• [Work instruction]
Repeat the data below exactly, dropping any pictures it holds.

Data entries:
Start of Block
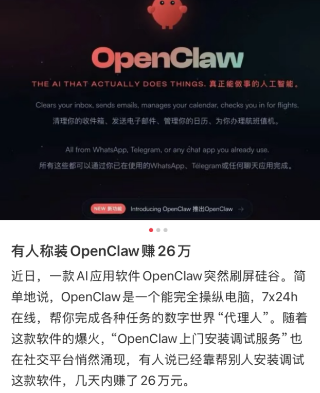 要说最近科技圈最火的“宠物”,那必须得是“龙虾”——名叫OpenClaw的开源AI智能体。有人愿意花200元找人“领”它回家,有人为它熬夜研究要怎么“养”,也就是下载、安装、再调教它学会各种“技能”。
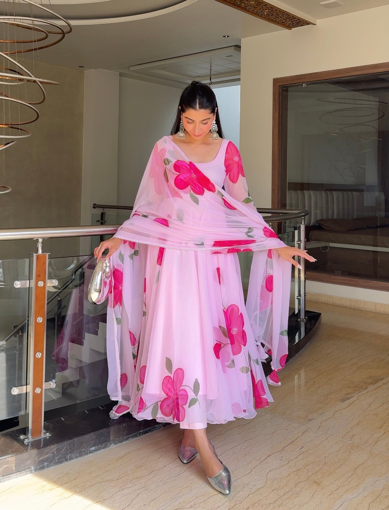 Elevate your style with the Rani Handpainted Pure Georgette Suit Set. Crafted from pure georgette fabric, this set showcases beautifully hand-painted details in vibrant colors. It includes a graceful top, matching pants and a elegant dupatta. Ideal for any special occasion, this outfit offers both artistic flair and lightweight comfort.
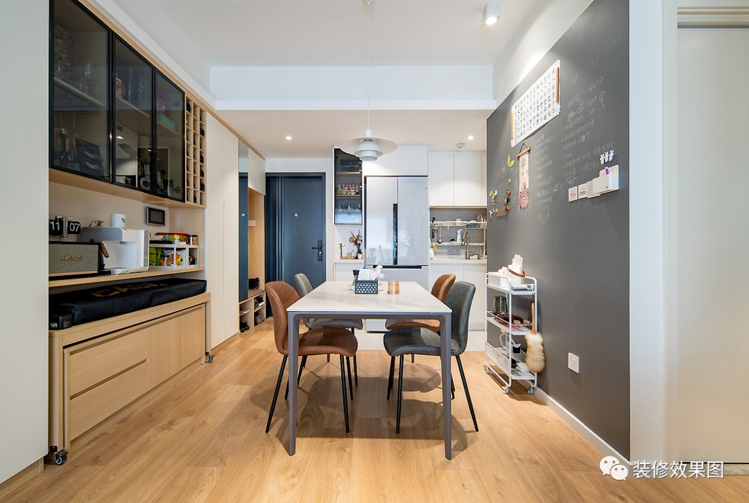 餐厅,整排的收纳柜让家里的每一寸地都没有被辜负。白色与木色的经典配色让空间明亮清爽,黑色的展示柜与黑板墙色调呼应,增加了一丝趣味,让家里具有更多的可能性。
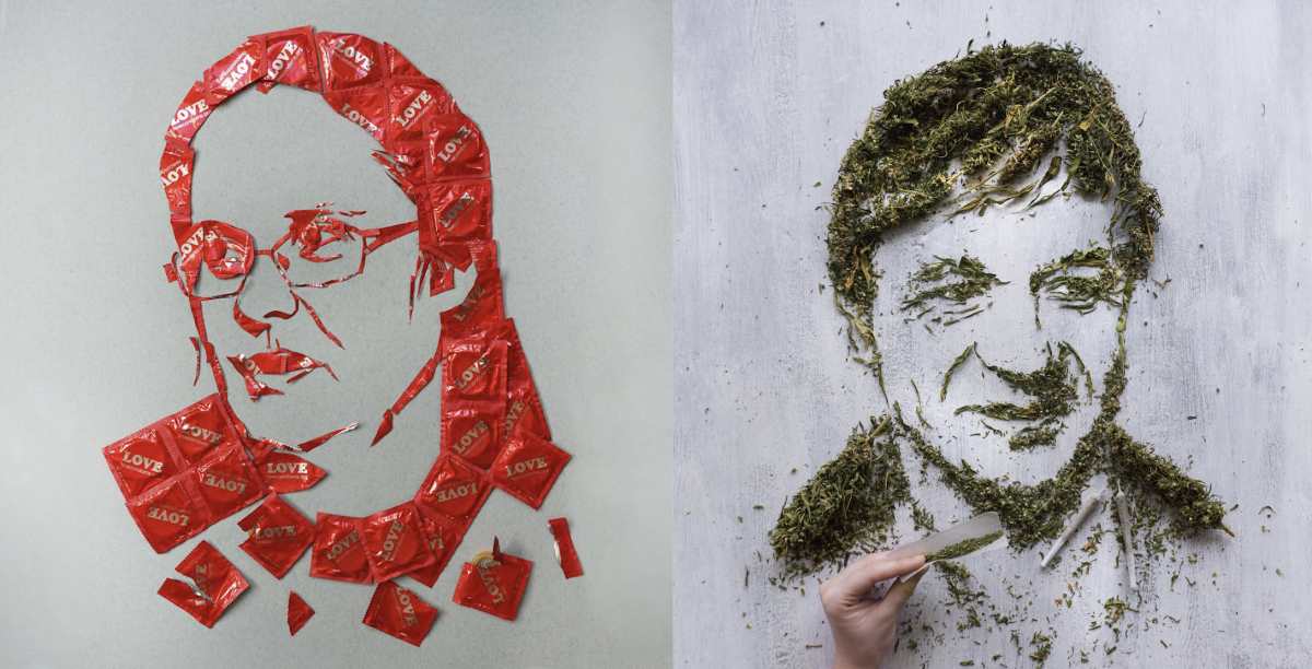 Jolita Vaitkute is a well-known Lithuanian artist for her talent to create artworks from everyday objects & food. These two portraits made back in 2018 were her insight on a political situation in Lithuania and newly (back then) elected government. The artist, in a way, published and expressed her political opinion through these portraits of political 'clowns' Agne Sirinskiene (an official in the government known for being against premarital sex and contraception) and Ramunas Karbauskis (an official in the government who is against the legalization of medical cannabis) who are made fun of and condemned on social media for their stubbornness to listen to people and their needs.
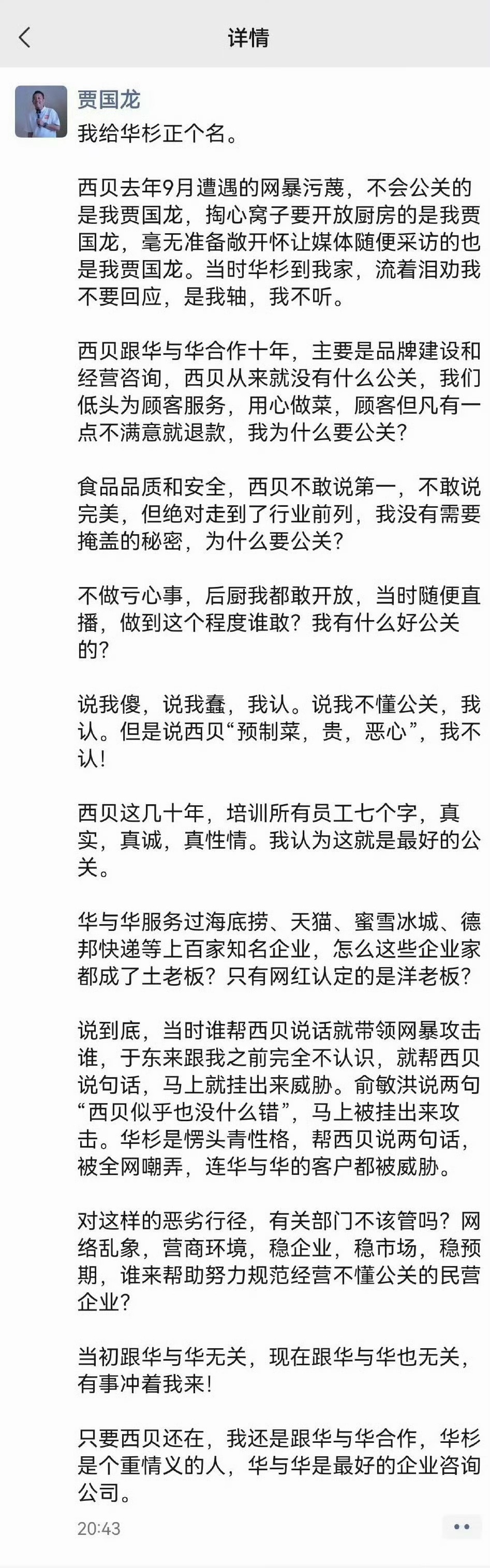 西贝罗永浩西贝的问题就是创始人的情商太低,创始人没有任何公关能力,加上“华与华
End of Block
• [Output]
 要说最近科技圈最火的“宠物”,那必须得是“龙虾”——名叫OpenClaw的开源AI智能体。有人愿意花200元找人“领”它回家,有人为它熬夜研究要怎么“养”,也就是下载、安装、再调教它学会各种“技能”。
 Elevate your style with the Rani Handpainted Pure Georgette Suit Set. Crafted from pure georgette fabric, this set showcases beautifully hand-painted details in vibrant colors. It includes a graceful top, matching pants and a elegant dupatta. Ideal for any special occasion, this outfit offers both artistic flair and lightweight comfort.
 餐厅,整排的收纳柜让家里的每一寸地都没有被辜负。白色与木色的经典配色让空间明亮清爽,黑色的展示柜与黑板墙色调呼应,增加了一丝趣味,让家里具有更多的可能性。
 Jolita Vaitkute is a well-known Lithuanian artist for her talent to create artworks from everyday objects & food. These two portraits made back in 2018 were her insight on a political situation in Lithuania and newly (back then) elected government. The artist, in a way, published and expressed her political opinion through these portraits of political 'clowns' Agne Sirinskiene (an official in the government known for being against premarital sex and contraception) and Ramunas Karbauskis (an official in the government who is against the legalization of medical cannabis) who are made fun of and condemned on social media for their stubbornness to listen to people and their needs.
 西贝罗永浩西贝的问题就是创始人的情商太低,创始人没有任何公关能力,加上“华与华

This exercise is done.